Using Pointers in a for loop - for-loop

I'm struggling to understand why I have a bug in my code in one state but not the other. It's been a while since I've covered pointers, so I'm probably rusty!
Basically I have a repository structure I'm using to store an object in memory, that has a Store function.
type chartsRepository struct {
mtx sync.RWMutex
charts map[ChartName]*Chart
}
func (r *chartsRepository) Store(c *Chart) error {
r.mtx.Lock()
defer r.mtx.Unlock()
r.charts[c.Name] = c
return nil
}
So all it does is put a RW mutex lock on and adds the pointer to a map, referenced by an identifier.
Then I've got a function that will basically loop through a slice of these objects, storing them all in the repository.
type service struct {
charts Repository
}
func (svc *service) StoreCharts(arr []Chart) error {
hasError := false
for _, chart := range arr {
err := svc.repo.Store(&chart)
// ... error handling
}
if hasError {
// ... Deals with the error object
return me
}
return nil
}
The above doesn't work, it looks like everything works fine at first, but on trying to access the data later, the entries in the map all point to the same Chart object, despite having different keys.
If I do the following and move the pointer reference to another function, everything works as expected:
func (svc *service) StoreCharts(arr []Chart) error {
// ...
for _, chart := range arr {
err := svc.storeChart(chart)
}
// ...
}
func (svc *service) storeChart(c Chart) error {
return svc.charts.Store(&c)
}
I'm assuming the issue is that because the loop overwrites the reference to the chart in the for loop, the pointer reference also changes. When the pointer is generated in an independent function, that reference is never overwritten. Is that right?
I feel like I'm being stupid, but shouldn't the pointer be generated by &chart and that's independent of the chart reference? I also tried creating a new variable for the pointer p := &chart in the for loop and that didn't work either.
Should I just avoid generating pointers in loops?

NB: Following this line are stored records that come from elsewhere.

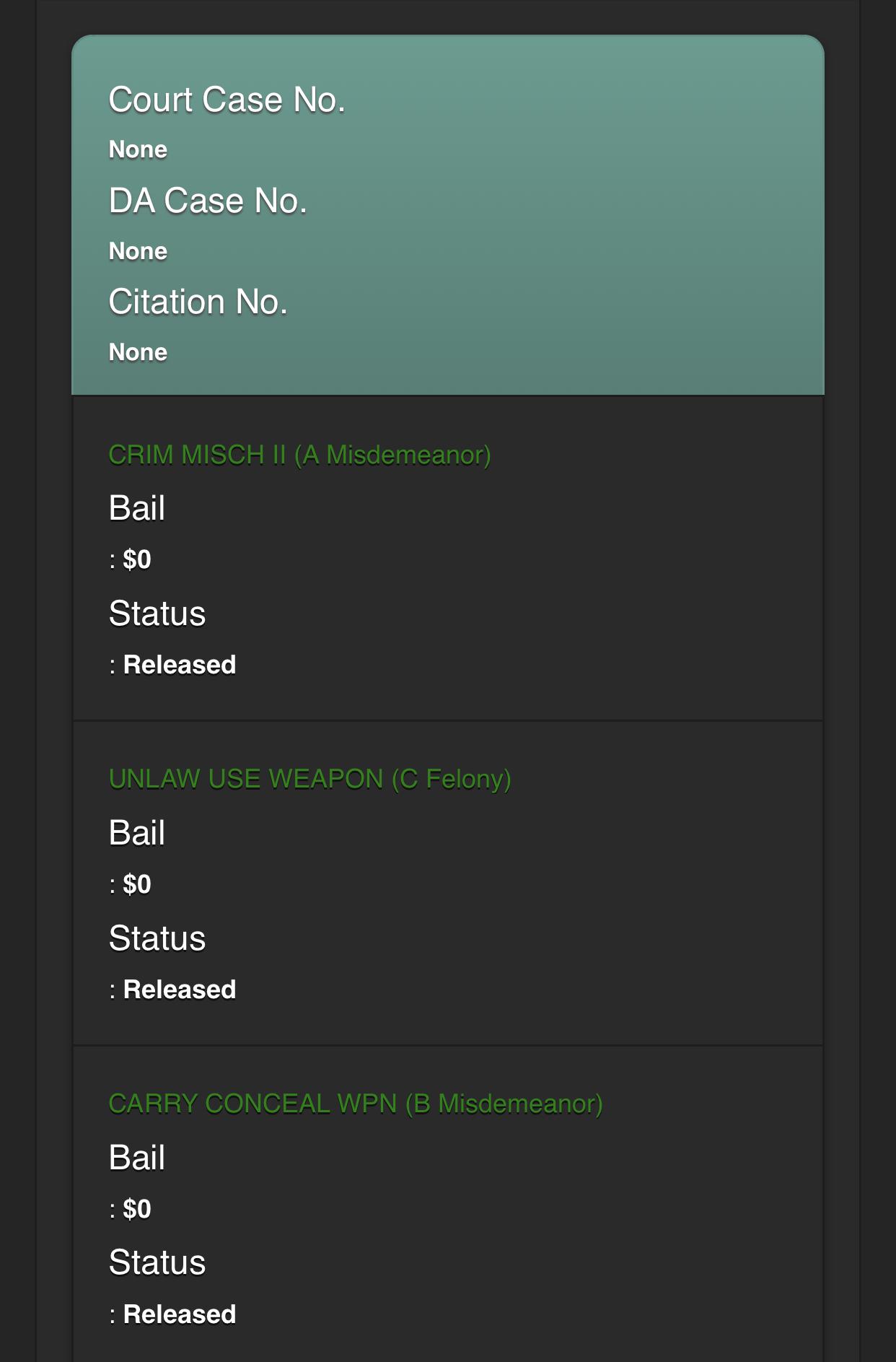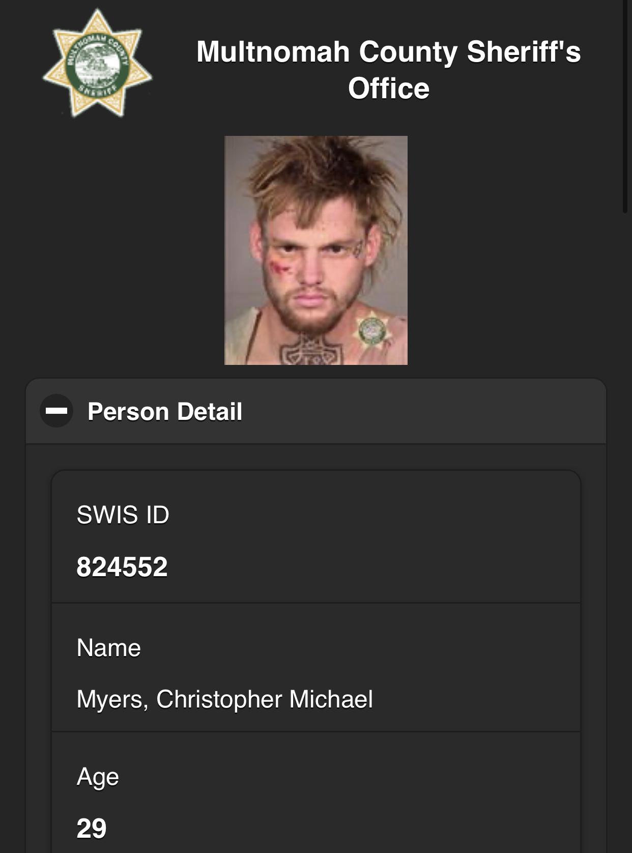 * Chris Myers, 28 years-old, Escape III, Interfering With a Police Officer, Criminal Mischief II, Unlawful Use of A Weapon, Carry Concealed Weapon, Riot, Reckless Burning https://www.portlandoregon.gov/police/news/read.cfm?id=250932 https://www.mcso.us/PAID/Home/Booking/1505390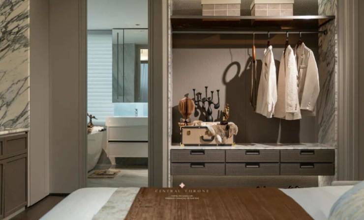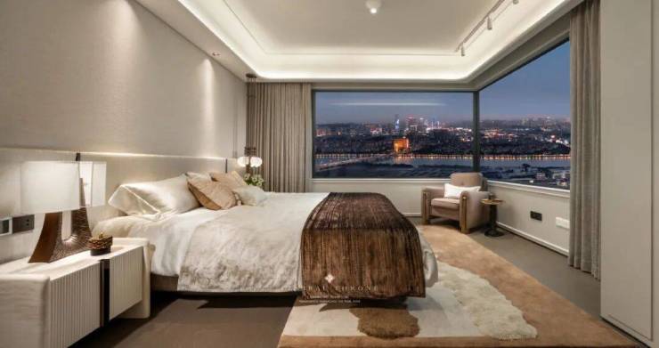 创新双主卧套房设计,是对多代同堂家庭的精准考量。南向尊亲套房配备独立卫浴与阔景飘窗,长辈既能拥有专属的私密空间,又能随时推开窗户,与园林的绿意清风相伴,安享晚年的从容。约31㎡的主人尊邸更是奢华的极致表达,270°环幕飘窗将江景与城景化作私人画框,晨起倚窗看江,夜读伴星眠,每一刻都与风景共生。独立的步入式衣帽间足以容纳四季华服,让名仕风范有处安放。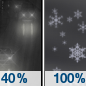 Temperature: 32°F Wind Speed: 10 to 20 mph Wind Direction: NW Forecast: Snow before 10am, then a chance of snow showers between 10am and 1pm. Mostly cloudy, with a high near 32. Northwest wind 10 to 20 mph, with gusts as high as 40 mph. Chance of precipitation is 100%. New snow accumulation of 2 to 4 inches possible. |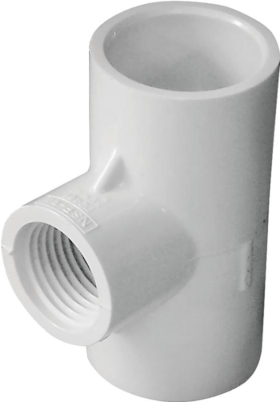 LASCO Reducing Tee, Nominal Size: 3/4 x 1/2 in, Slip x FPT Connection, 450 psi, Operating Temperature: 140 deg F, Schedule Rating: SCH 40, PVC, White

This is because there is only a single loop variable chart, and in each iteration just a new value is assigned to it. So if you attempt to take the address of the loop variable, it will be the same in each iteration, so you will store the same pointer, and the pointed object (the loop variable) is overwritten in each iteration (and after the loop it will hold the value assigned in the last iteration).
This is mentioned in Spec: For statements: For statements with range clause:
The iteration variables may be declared by the "range" clause using a form of short variable declaration (:=). In this case their types are set to the types of the respective iteration values and their scope is the block of the "for" statement; they are re-used in each iteration. If the iteration variables are declared outside the "for" statement, after execution their values will be those of the last iteration.
Your second version works, because you pass the loop variable to a function, so a copy will be made of it, and then you store the address of the copy (which is detached from the loop variable).
You can achieve the same effect without a function though: just create a local copy and use the address of that:
for _, chart := range arr {
chart2 := chart
err := svc.repo.Store(&chart2) // Address of the local var
// ... error handling
}
Also note that you may also store the address of the slice elements:
for i := range arr {
err := svc.repo.Store(&arr[i]) // Address of the slice element
// ... error handling
}
The disadvantage of this is that since you store pointers to the slice elements, the whole backing array of the slice would have to be kept in memory for as long as you keep any of the pointers (the array cannot be garbage collected). Moreover, the pointers you store would share the same Chart values as the slice, so if someone would modify a chart value of the passed slice, that would effect the charts whose pointers you stored.
See related questions:
Golang: Register multiple routes using range for loop slices/map
Why do these two for loop variations give me different behavior?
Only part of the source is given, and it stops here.